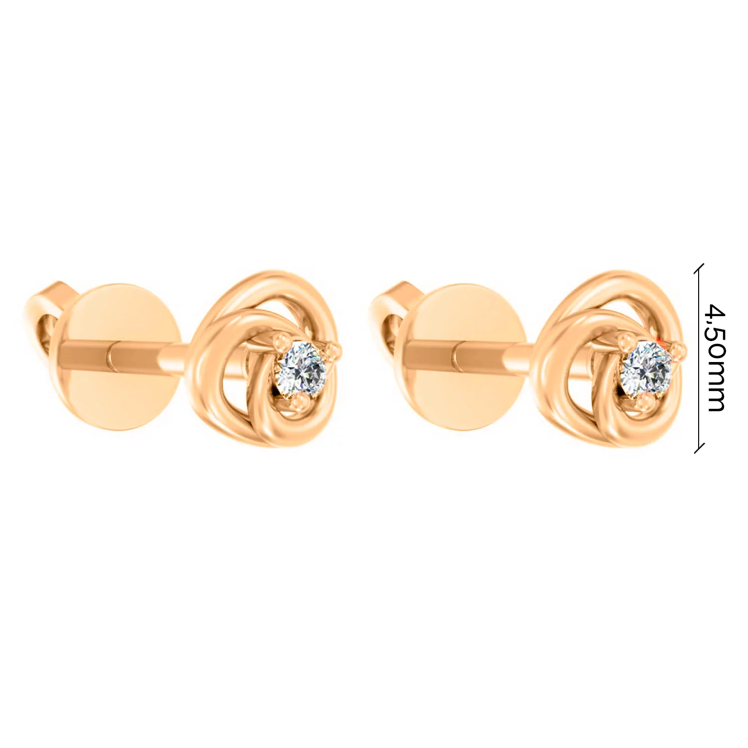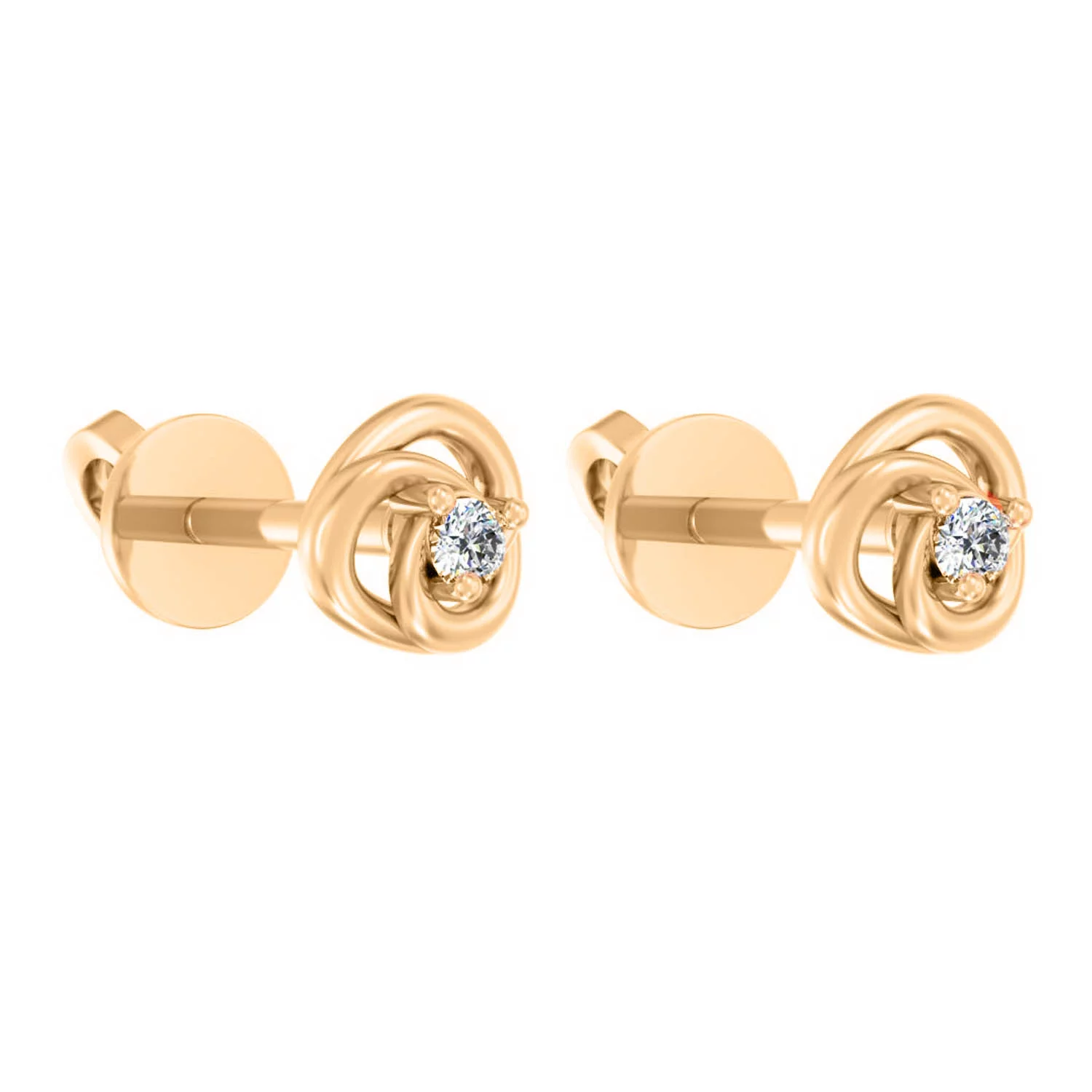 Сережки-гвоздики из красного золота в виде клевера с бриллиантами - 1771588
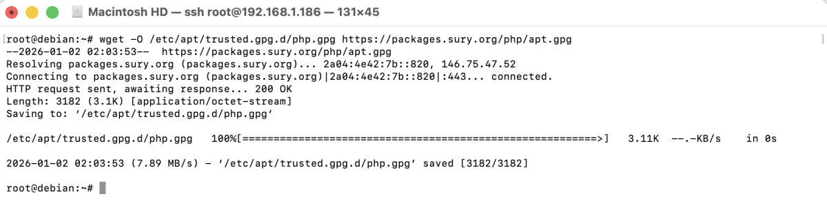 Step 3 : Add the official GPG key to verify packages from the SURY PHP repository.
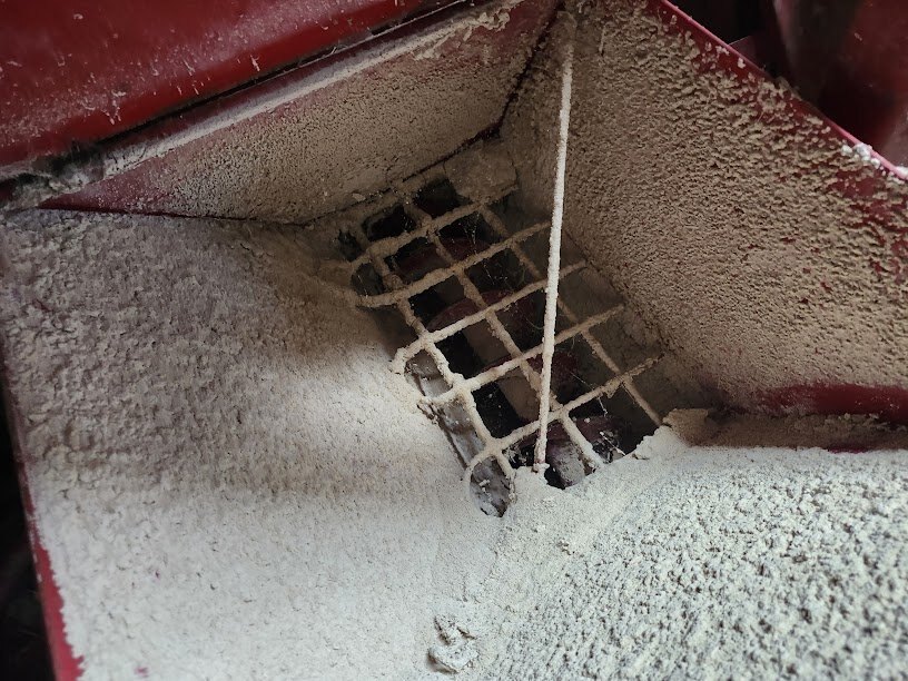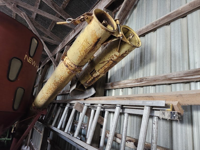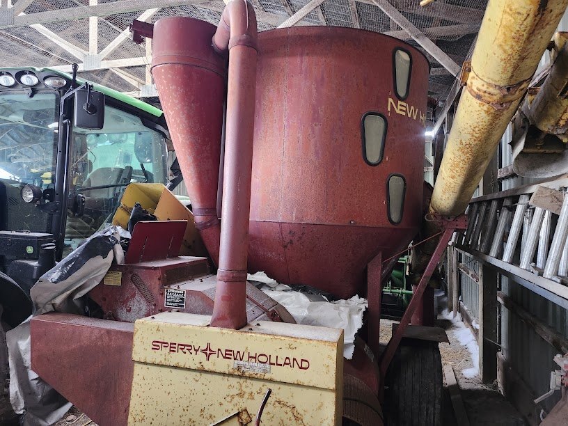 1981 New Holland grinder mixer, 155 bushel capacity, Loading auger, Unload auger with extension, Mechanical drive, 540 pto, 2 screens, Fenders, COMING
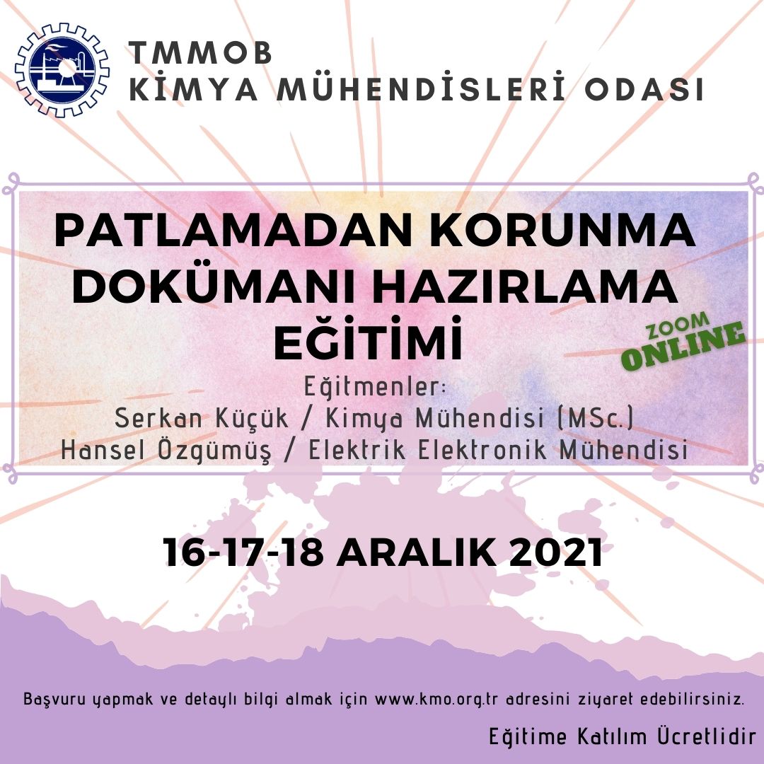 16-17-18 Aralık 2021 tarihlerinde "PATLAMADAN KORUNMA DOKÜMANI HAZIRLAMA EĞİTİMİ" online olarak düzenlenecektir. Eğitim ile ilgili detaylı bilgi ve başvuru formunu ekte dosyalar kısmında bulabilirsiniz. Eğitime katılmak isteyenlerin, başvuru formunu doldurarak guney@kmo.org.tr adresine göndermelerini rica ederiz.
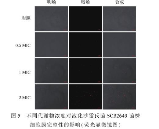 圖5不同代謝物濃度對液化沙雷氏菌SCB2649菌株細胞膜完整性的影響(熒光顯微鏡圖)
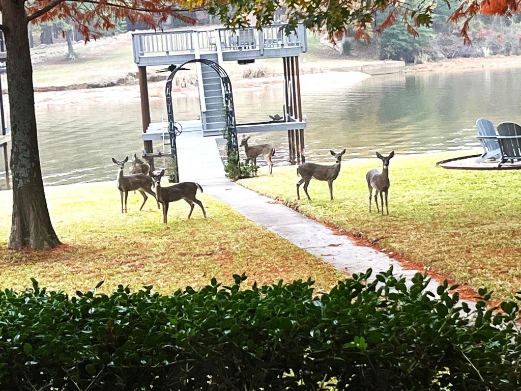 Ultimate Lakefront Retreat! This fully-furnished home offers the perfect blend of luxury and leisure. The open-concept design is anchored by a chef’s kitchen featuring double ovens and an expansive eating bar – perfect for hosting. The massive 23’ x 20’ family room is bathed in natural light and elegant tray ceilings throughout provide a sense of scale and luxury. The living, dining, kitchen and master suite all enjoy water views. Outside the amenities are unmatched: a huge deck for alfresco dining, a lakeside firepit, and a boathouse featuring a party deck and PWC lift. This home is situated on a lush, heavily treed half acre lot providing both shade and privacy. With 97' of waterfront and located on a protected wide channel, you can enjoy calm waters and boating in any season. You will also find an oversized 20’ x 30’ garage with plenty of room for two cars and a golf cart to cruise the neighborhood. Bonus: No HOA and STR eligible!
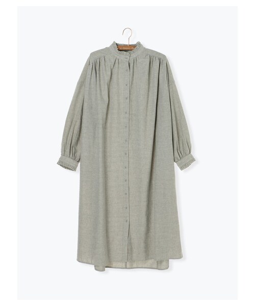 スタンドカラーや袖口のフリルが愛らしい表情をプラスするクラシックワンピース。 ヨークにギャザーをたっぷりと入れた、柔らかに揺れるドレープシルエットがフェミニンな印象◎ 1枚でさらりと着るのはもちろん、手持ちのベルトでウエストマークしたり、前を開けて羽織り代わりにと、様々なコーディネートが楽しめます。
____
THE PROBLEM:
From the first line of the records down through the line containing "1981 New Holland", transcribe exactly those lines and no others, both ends kept, pictures dropped.

WRITTEN SOLUTION:
 Сережки-гвоздики из красного золота в виде клевера с бриллиантами - 1771588
 Step 3 : Add the official GPG key to verify packages from the SURY PHP repository.
 1981 New Holland grinder mixer, 155 bushel capacity, Loading auger, Unload auger with extension, Mechanical drive, 540 pto, 2 screens, Fenders, COMING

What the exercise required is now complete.